* [WHAT IS NEEDED]: The lines from the start of the data through the line with "Krůtí prso s" are to be returned verbatim; all later lines are to be omitted.

Recorded data
╭──
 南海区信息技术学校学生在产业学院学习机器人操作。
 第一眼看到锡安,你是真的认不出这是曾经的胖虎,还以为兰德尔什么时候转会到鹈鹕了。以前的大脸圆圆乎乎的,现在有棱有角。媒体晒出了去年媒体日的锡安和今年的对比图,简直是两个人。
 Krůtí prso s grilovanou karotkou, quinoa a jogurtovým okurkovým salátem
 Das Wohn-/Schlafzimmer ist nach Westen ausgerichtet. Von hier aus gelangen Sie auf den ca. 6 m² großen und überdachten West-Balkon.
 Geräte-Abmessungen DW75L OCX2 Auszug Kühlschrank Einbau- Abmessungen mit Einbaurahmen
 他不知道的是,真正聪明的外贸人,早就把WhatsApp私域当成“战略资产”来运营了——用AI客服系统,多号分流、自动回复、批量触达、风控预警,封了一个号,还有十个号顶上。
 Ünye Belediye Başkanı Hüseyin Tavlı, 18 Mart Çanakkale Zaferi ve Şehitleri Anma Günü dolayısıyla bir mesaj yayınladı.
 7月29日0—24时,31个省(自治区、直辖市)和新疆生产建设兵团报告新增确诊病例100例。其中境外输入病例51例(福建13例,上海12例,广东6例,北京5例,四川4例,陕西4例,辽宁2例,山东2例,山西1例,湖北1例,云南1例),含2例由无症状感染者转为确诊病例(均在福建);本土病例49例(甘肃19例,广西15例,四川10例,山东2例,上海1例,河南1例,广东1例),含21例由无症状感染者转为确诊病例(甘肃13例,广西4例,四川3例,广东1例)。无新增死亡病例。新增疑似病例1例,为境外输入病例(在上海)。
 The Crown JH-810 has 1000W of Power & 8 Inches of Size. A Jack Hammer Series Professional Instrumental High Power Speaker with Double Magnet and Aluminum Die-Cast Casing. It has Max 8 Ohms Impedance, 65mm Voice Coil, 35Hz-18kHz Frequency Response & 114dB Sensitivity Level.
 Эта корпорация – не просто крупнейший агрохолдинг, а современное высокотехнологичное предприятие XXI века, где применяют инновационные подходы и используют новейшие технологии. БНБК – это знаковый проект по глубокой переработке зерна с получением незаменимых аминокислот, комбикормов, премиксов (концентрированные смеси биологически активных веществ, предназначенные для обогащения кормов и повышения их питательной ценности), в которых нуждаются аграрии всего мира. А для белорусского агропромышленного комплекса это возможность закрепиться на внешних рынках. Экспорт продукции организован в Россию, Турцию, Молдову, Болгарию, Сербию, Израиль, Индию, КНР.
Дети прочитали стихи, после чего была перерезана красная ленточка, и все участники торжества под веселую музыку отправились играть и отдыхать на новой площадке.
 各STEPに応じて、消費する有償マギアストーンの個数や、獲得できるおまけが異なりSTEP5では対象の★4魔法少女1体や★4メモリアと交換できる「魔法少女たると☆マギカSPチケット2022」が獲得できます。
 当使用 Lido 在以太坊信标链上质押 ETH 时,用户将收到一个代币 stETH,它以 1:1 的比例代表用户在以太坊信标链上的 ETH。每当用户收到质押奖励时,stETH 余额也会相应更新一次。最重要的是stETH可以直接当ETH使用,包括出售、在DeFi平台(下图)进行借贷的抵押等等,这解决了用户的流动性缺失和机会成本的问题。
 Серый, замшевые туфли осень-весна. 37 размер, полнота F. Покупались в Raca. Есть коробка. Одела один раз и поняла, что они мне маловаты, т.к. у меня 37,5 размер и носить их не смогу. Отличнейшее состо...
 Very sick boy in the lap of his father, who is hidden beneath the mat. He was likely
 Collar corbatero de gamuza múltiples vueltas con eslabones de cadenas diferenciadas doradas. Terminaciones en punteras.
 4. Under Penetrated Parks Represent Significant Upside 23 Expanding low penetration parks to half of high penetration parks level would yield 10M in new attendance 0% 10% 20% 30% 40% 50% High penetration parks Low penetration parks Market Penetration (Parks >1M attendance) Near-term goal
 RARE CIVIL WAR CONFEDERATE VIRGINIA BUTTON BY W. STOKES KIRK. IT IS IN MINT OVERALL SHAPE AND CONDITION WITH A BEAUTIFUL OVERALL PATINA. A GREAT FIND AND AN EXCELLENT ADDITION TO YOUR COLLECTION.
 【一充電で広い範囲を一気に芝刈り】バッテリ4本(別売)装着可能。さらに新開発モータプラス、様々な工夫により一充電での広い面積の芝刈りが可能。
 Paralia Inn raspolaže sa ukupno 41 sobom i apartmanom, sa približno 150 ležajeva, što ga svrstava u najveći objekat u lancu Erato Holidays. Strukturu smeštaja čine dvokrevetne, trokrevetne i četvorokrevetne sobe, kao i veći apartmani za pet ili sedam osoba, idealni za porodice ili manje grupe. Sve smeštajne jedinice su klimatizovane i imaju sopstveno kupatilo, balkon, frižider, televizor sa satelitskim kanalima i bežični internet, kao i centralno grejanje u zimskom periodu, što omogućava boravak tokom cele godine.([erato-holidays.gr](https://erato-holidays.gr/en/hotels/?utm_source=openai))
╰──
* [SOLUTION TO THIS PROBLEM]:
 南海区信息技术学校学生在产业学院学习机器人操作。
 第一眼看到锡安,你是真的认不出这是曾经的胖虎,还以为兰德尔什么时候转会到鹈鹕了。以前的大脸圆圆乎乎的,现在有棱有角。媒体晒出了去年媒体日的锡安和今年的对比图,简直是两个人。
 Krůtí prso s grilovanou karotkou, quinoa a jogurtovým okurkovým salátem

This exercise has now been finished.